I love horror, but I also do marketing, and I know what that’s all about, too.
Anyway, thanks for the best Shocklines surprise post in forever.
Hi, Robert, thanks for dropping by!
That Shocklines thread was my first experience of the site, and I found the defensiveness quite bizarre. As if it would be a disaster if someone thought: “You know what? Maybe those people who feel excluded have a point…”
Rather than “Stupid excluded people making us feel guilty. We should exclude them to avoid that!”
It seemed like the wrong forum, however, to go into how the term ‘racist’ has become loaded and redefined; I was just surprised that people didn’t seem to think it might be a problem. Especially when people who might otherwise buy their books did seem to think it was a problem.
Thank you for stopping by, and your kind words, and I look forward to chatting with you again in the future.
Yours,
Natt
Dear Nathaniel,
I liked the humour and absurdness of the story. The horror stories about Saint Nicolas also sound familiar to me since children celebrate Nicolas’ Saint’s feast day on the 6th of December here in Belgium. I remember vividly how my teachers used to tell the class that the naughty among us might be put in Pete’s sack.
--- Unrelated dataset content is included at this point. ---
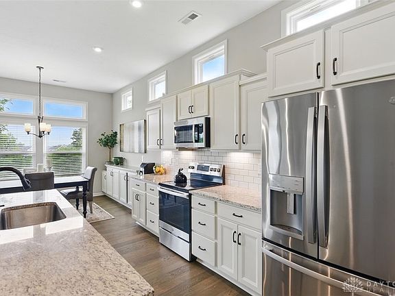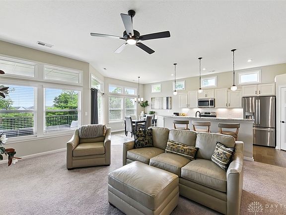 Penthouse end unit condo overlooking Shaker Run Golf Course offering 2BR/2.5 BA plus dedicated study with wainscoting. Unit also features a convenient powder room, in-unit laundry (equipped with washer/dryer) and an amazing open concept kitchen with walk-in and butler's pantries. Both bedrooms have private ensuite bathrooms providing privacy and convenience. The primary suite has a cathedral ceiling, spa bath and 3 closets. The neutral palette will coordinate with any decor. Amazing high ceilings, wood-cased windows and plenty of natural light. The property also offers an attached oversized two-car garage with room for a golf cart! The covered deck is added outdoor living space while providing protection from the elements. Neighborhood amenities include pools, an exercise facility, clubhouse, walking trails, and playgrounds. Established area of the community with no construction noise amazing views. Great location within minutes of I-75, retail, restaurants and entertainment.

I hope you continue these ‘Minigloams’ and congratulate you on a terrific horror/comedy podcast.
Thanks KG,
As you and other Continental readers might notice, I’ve conflated the feast of St Nicholas with Christmas, because in England we conflate St Nicholas with Santa Claus.
I’ll try and keep up doing a Minigloam once a month or so, between the regular podcasts, if people enjoy them.
Thank you for your very complimentary thoughts, and thanks for visiting!